*DATA IN THIS EXERCISE:*
**********
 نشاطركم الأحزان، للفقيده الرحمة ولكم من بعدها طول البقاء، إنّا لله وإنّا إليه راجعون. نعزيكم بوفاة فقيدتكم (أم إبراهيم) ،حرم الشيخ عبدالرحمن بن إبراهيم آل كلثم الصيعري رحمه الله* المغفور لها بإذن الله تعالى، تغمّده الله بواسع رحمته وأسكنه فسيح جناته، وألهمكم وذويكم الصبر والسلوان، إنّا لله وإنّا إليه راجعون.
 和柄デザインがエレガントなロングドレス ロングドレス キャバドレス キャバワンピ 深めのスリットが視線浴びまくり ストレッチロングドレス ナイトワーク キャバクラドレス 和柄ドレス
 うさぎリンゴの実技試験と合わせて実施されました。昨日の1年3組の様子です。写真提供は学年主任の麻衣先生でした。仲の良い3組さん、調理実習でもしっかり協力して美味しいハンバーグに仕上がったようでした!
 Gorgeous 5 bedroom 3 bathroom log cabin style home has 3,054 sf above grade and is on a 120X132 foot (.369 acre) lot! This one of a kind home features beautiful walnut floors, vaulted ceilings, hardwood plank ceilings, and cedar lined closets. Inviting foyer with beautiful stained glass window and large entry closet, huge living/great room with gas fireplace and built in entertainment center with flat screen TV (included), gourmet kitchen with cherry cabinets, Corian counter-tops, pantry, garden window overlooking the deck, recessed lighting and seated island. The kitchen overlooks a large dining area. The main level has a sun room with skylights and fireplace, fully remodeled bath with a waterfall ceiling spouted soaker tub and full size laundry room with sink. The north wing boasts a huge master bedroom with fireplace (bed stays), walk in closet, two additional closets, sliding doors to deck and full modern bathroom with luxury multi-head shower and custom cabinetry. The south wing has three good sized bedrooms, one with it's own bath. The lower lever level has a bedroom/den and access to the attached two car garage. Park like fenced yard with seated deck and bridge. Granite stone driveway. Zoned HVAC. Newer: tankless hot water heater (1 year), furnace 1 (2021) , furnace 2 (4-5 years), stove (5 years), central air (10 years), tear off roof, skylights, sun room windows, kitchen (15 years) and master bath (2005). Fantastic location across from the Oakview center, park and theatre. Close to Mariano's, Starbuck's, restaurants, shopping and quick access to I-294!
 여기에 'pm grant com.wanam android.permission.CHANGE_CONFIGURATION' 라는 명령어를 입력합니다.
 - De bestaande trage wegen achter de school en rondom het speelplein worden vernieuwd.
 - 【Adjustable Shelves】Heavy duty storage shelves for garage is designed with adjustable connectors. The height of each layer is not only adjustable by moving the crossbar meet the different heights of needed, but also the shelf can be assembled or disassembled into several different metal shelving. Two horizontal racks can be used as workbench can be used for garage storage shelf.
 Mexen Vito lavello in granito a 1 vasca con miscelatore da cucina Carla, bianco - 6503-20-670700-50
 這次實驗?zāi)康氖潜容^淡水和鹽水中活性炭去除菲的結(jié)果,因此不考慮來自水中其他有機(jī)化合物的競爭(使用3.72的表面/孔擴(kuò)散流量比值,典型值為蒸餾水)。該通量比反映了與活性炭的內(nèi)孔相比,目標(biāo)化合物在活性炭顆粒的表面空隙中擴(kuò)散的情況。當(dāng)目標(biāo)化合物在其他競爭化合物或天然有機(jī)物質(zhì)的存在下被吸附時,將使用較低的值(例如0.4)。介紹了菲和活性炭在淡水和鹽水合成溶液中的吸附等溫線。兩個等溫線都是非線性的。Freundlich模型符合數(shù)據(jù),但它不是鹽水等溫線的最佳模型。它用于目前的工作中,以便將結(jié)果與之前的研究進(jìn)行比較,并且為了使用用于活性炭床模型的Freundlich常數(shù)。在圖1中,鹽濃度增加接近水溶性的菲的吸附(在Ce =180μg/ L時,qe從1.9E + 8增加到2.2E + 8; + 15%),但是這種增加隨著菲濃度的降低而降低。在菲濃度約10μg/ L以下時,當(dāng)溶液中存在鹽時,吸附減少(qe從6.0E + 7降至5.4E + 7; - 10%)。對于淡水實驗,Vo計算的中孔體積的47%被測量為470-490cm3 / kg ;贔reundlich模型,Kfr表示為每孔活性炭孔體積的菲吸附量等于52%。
**********
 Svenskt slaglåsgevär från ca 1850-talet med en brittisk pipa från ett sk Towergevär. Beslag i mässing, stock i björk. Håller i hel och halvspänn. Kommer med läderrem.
**********
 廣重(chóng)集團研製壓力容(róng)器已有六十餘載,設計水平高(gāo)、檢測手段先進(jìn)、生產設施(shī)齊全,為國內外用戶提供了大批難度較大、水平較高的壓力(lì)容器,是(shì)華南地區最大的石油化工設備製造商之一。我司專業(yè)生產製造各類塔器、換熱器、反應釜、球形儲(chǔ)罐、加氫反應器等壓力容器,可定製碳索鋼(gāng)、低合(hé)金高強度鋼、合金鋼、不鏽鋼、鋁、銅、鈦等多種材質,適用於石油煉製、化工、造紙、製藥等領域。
**********
*DIRECTIONS FOR THIS TASK:* The range runs from the line above containing "和柄デザインがエレガントなロングドレス ロングドレス キャバドレス" to the line containing "Gorgeous 5 bedroom", inclusive. Restate those lines word for word and no others.

*WRITTEN ANSWER:*
 和柄デザインがエレガントなロングドレス ロングドレス キャバドレス キャバワンピ 深めのスリットが視線浴びまくり ストレッチロングドレス ナイトワーク キャバクラドレス 和柄ドレス
 うさぎリンゴの実技試験と合わせて実施されました。昨日の1年3組の様子です。写真提供は学年主任の麻衣先生でした。仲の良い3組さん、調理実習でもしっかり協力して美味しいハンバーグに仕上がったようでした!
 Gorgeous 5 bedroom 3 bathroom log cabin style home has 3,054 sf above grade and is on a 120X132 foot (.369 acre) lot! This one of a kind home features beautiful walnut floors, vaulted ceilings, hardwood plank ceilings, and cedar lined closets. Inviting foyer with beautiful stained glass window and large entry closet, huge living/great room with gas fireplace and built in entertainment center with flat screen TV (included), gourmet kitchen with cherry cabinets, Corian counter-tops, pantry, garden window overlooking the deck, recessed lighting and seated island. The kitchen overlooks a large dining area. The main level has a sun room with skylights and fireplace, fully remodeled bath with a waterfall ceiling spouted soaker tub and full size laundry room with sink. The north wing boasts a huge master bedroom with fireplace (bed stays), walk in closet, two additional closets, sliding doors to deck and full modern bathroom with luxury multi-head shower and custom cabinetry. The south wing has three good sized bedrooms, one with it's own bath. The lower lever level has a bedroom/den and access to the attached two car garage. Park like fenced yard with seated deck and bridge. Granite stone driveway. Zoned HVAC. Newer: tankless hot water heater (1 year), furnace 1 (2021) , furnace 2 (4-5 years), stove (5 years), central air (10 years), tear off roof, skylights, sun room windows, kitchen (15 years) and master bath (2005). Fantastic location across from the Oakview center, park and theatre. Close to Mariano's, Starbuck's, restaurants, shopping and quick access to I-294!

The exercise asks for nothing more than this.